You didn’t make this clear, so was just responding generically.
Separately, I think I feel a pretty similar intution for case (2), people literally only caring about their families seems pretty clearly worse.
There, I’m just saying that human control is better than literal paperclip maximization.
This response still seems underspecified to me. Is the default unaligned alternative paperclip maximization in your view? I understand that Eliezer Yudkowsky has given arguments for this position, but it seems like you diverge significantly from Eliezer’s general worldview, so I’d still prefer to hear this take spelled out in more detail from your own point of view.
Your poll says:
And then you say:
So, I think more human control is better than more literal paperclip maximization, the option given in your poll.
My overall position isn’t that the AIs will certainly be paperclippers, I’m just arguing in isolation about why I think the choice given in the poll is defensible.

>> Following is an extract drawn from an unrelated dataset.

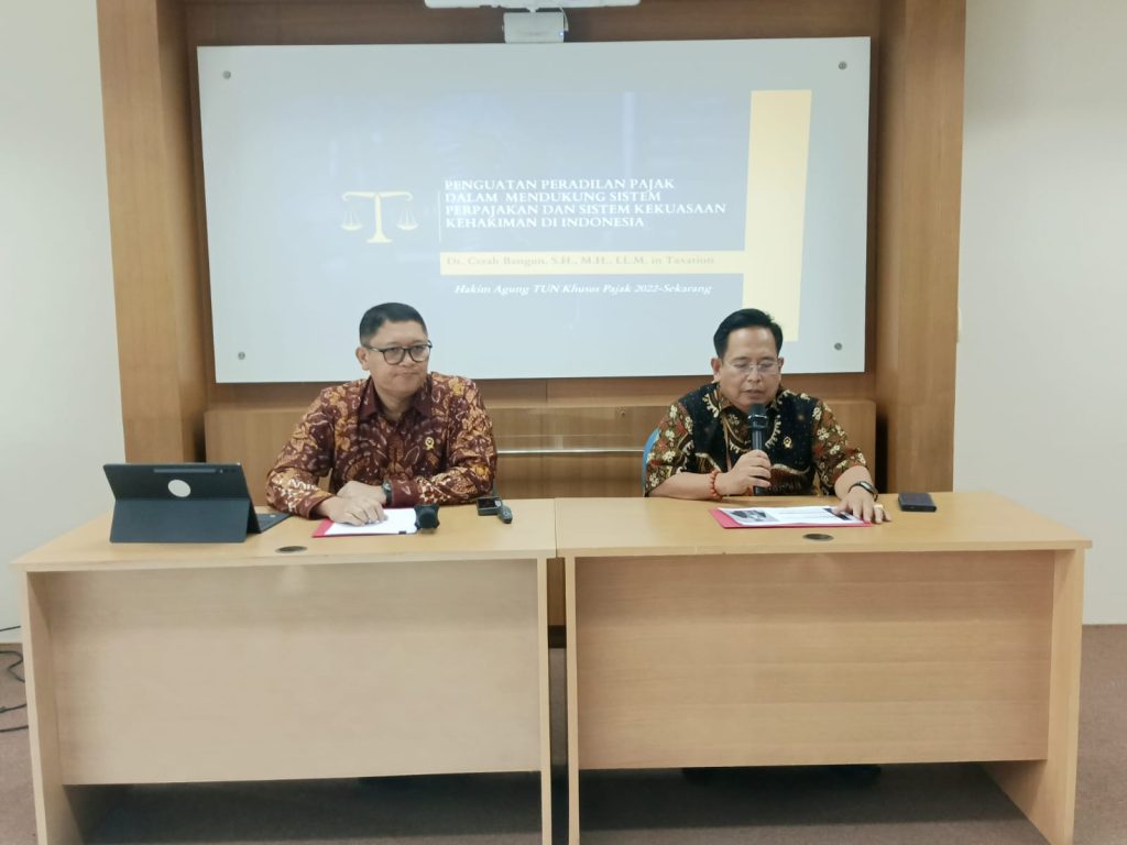 Dalam materi yang disampaikan, YM Dr. Cerah Bangun mengawali dengan landasan konstitusional. Pasal 24 Ayat (2) UUD 1945 menegaskan bahwa kekuasaan kehakiman dilakukan oleh Mahkamah Agung dan badan peradilan di bawahnya, meliputi lingkungan Peradilan Umum, Militer, Tata Usaha Negara, dan Agama, serta sebuah Mahkamah Konstitusi. Lantas, di mana posisi Pengadilan Pajak? Pendekatan legalistik melalui UU No. 14 Tahun 2002 tentang Pengadilan Pajak memberikan jawaban. Pengadilan Pajak merupakan pengadilan khusus yang berada di lingkungan Peradilan Tata Usaha Negara. Hal ini diperkuat dengan Pasal 1 angka 8 jo. Penjelasan Pasal 27 Ayat (1) UU No. 48 Tahun 2009 tentang Kekuasaan Kehakiman.
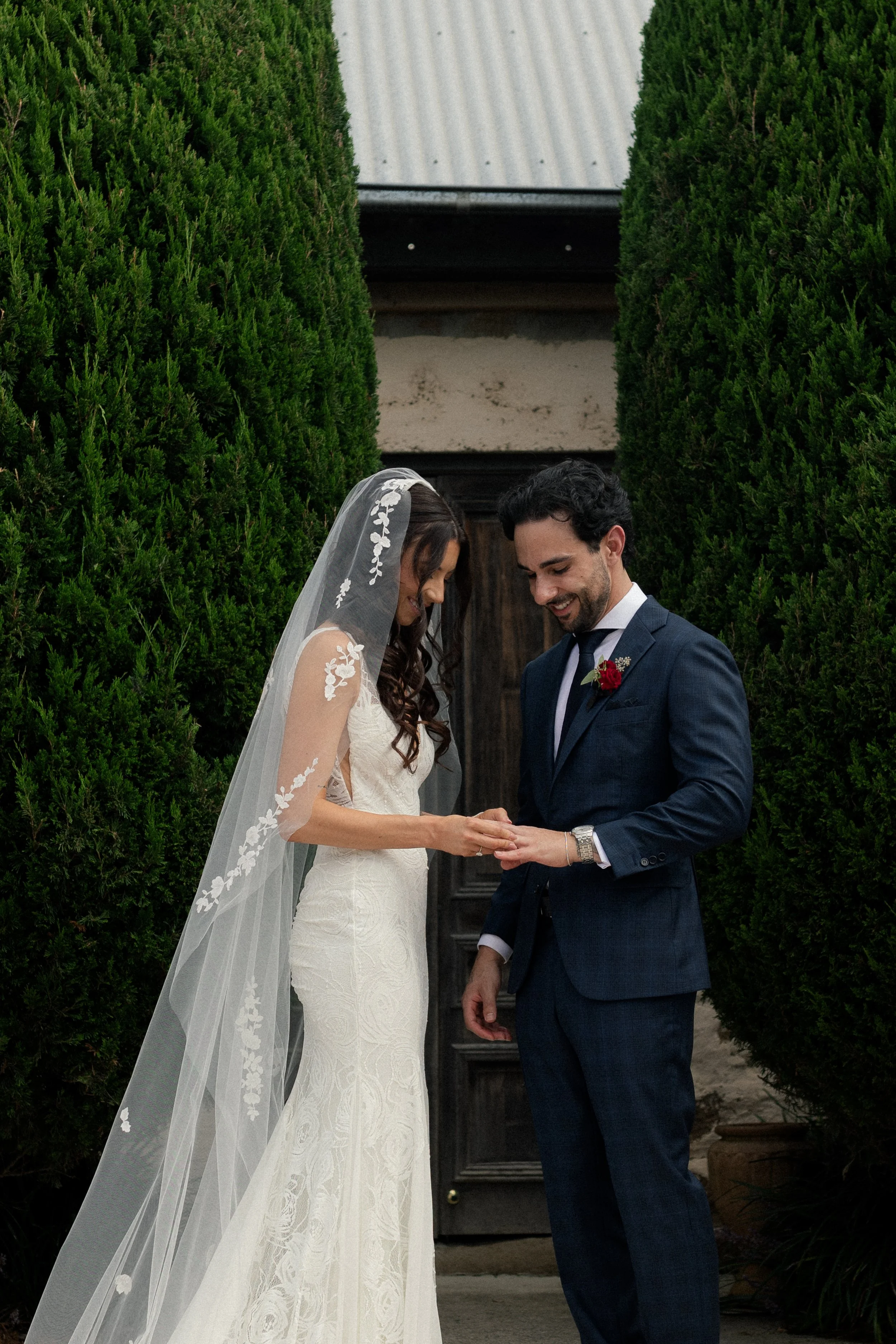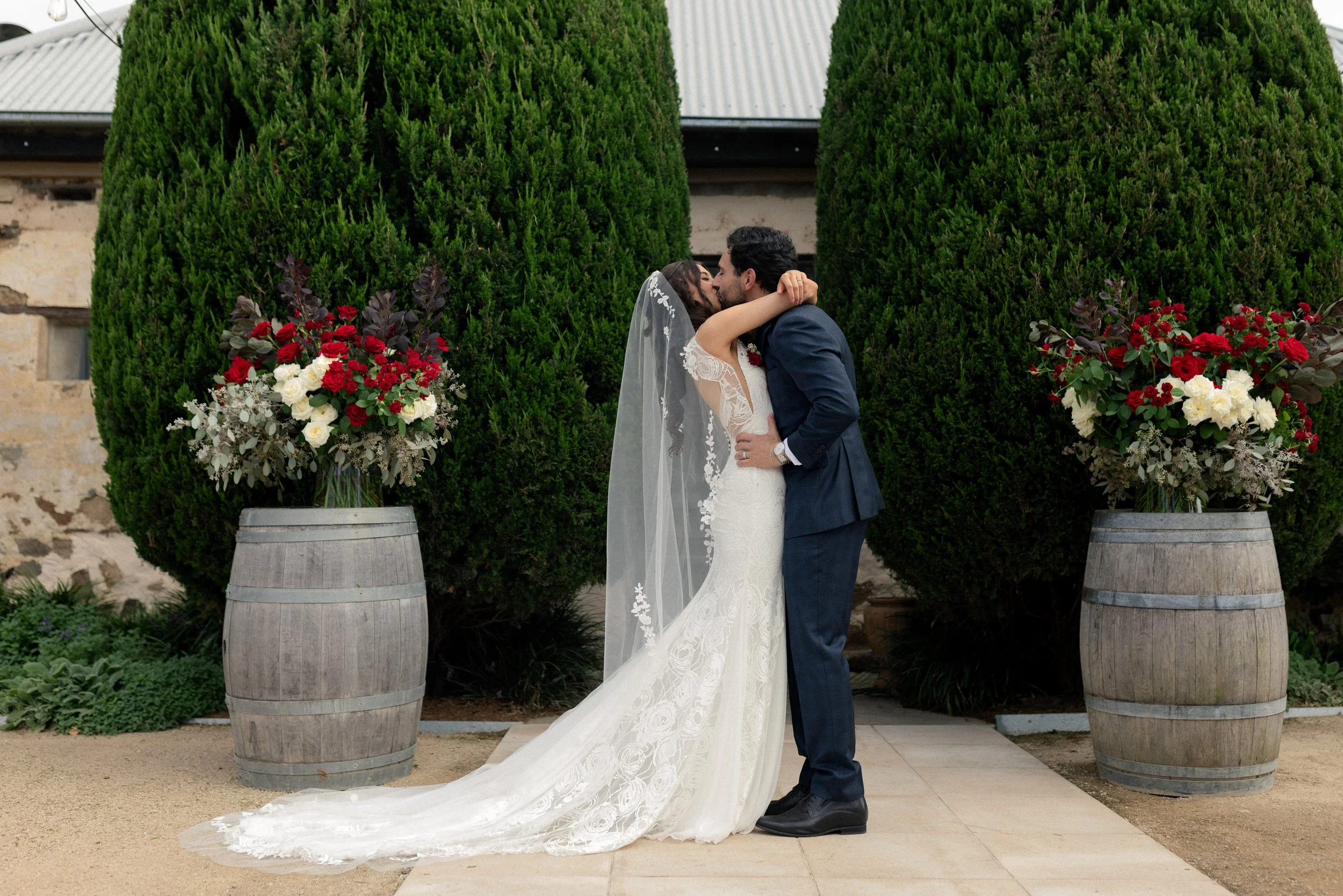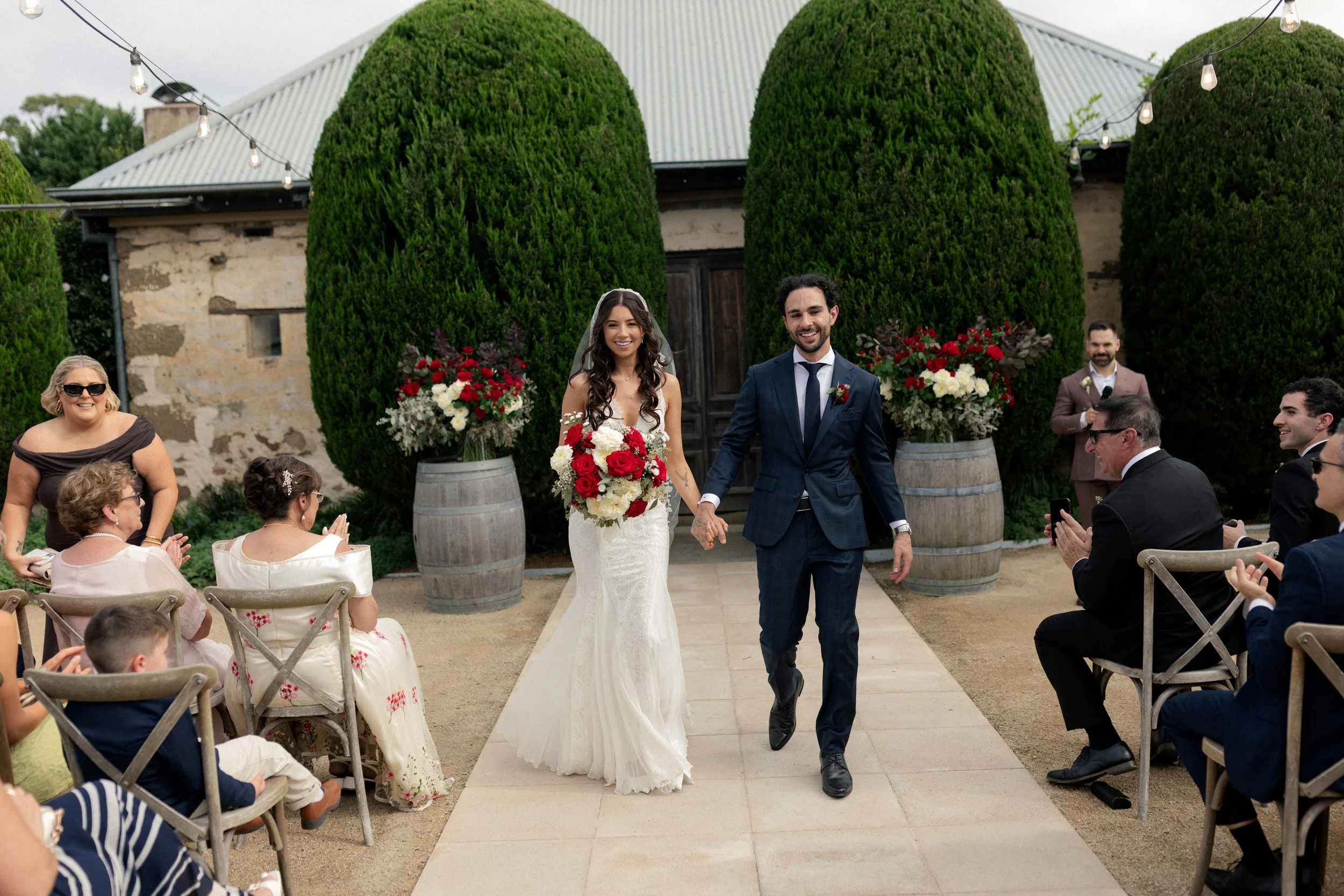 Matteo and Rosemary tied the knot on the 20th of March at the stunning Cupitt’s Winery, surrounded by rolling vineyards and warm coastal air. The day began with a heartfelt first look between Rosemary and her family, an emotional and intimate moment before the celebrations unfolded. Meanwhile, Matteo waited patiently outside the charming cobblestone building, where the couple would soon exchange vows with that beautiful rustic backdrop setting the scene for their ceremony.

I have the feeling we’re talking past each other a bit. I suspect talking about this poll was kind of a distraction. I personally have the sense of trying to convey a central point, and instead of getting the point across, I feel the conversation keeps slipping into talking about how to interpret minor things I said, which I don’t see as very relevant.
I will probably take a break from replying for now, for these reasons, although I’d be happy to catch up some time and maybe have a call to discuss these questions in more depth. I definitely see you as trying a lot harder than most other EAs in trying to make progress on these questions collaboratively with me.
I’d be very happy to have some discussion on these topics with you Matthew. For what it’s worth, I really have found much of your work insightful, thought-provoking, and valuable. I think I just have some strong, core disagreements on multiple empirical/epistemological/moral levels with your latest series of posts.
That doesn’t mean I don’t want you to share your views, or that they’re not worth discussion, and I apologise if I came off as too hostile. An open invitation to have some kind of deeper discussion stands.[1]
I’d like to try out the new dialogue feature on the Forum, but that’s a weak preference
Agreed, sorry about that.
Also, to be clear, I agree that the question of “how much worse/better is it for AIs to get vast amounts of resources without human society intending to grant those resources to the AIs from a longtermist perspective” is underinvestigated, but I think there are pretty good reasons to systematically expect human control to be a decent amount better.